»»

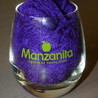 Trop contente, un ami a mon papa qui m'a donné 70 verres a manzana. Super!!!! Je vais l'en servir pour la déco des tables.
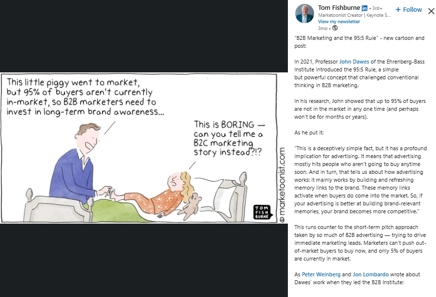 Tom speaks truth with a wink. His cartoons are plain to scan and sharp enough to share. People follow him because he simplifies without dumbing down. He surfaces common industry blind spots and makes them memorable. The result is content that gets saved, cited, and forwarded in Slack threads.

««
»»

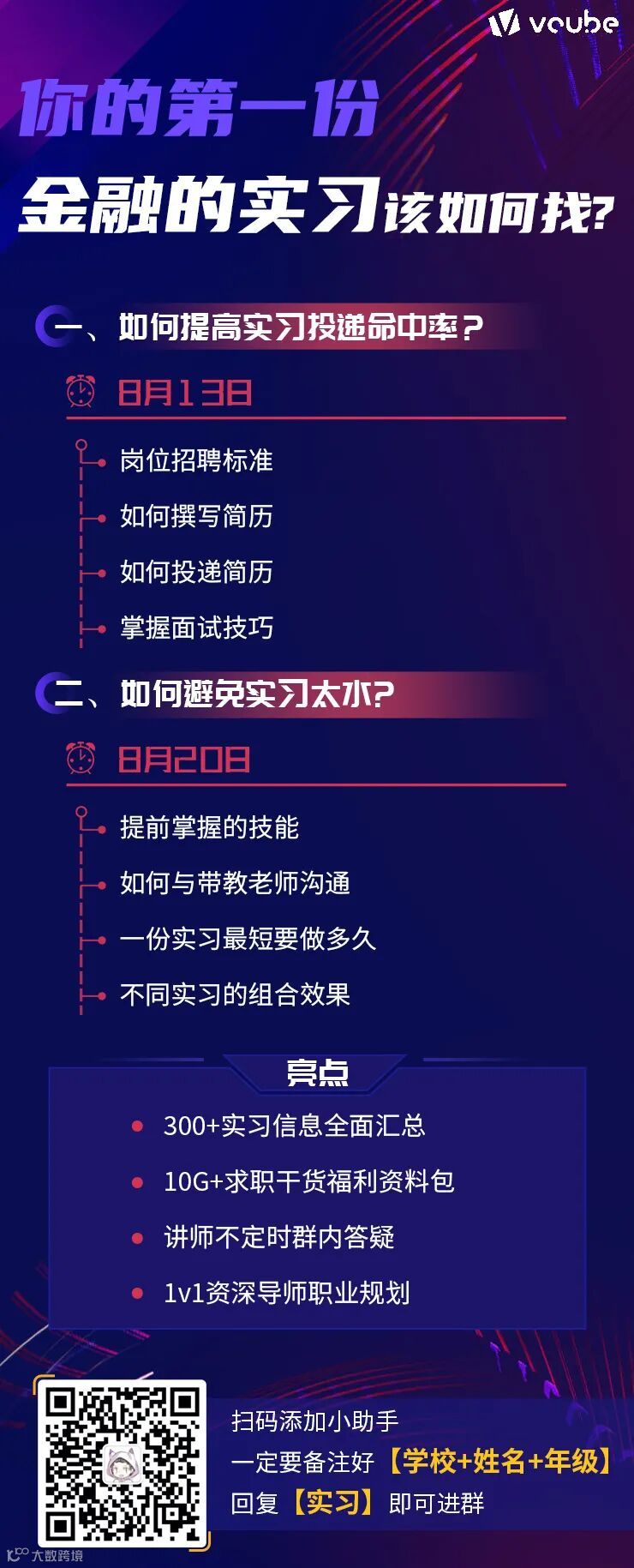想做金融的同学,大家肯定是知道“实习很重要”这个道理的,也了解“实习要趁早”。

««

Write back word for word every line in the entries above from the one with "Trop contente, un" to the one with "Tom speaks truth", ends included, and none of the pictures.

*ANSWER AREA*:
 Trop contente, un ami a mon papa qui m'a donné 70 verres a manzana. Super!!!! Je vais l'en servir pour la déco des tables.
 Tom speaks truth with a wink. His cartoons are plain to scan and sharp enough to share. People follow him because he simplifies without dumbing down. He surfaces common industry blind spots and makes them memorable. The result is content that gets saved, cited, and forwarded in Slack threads.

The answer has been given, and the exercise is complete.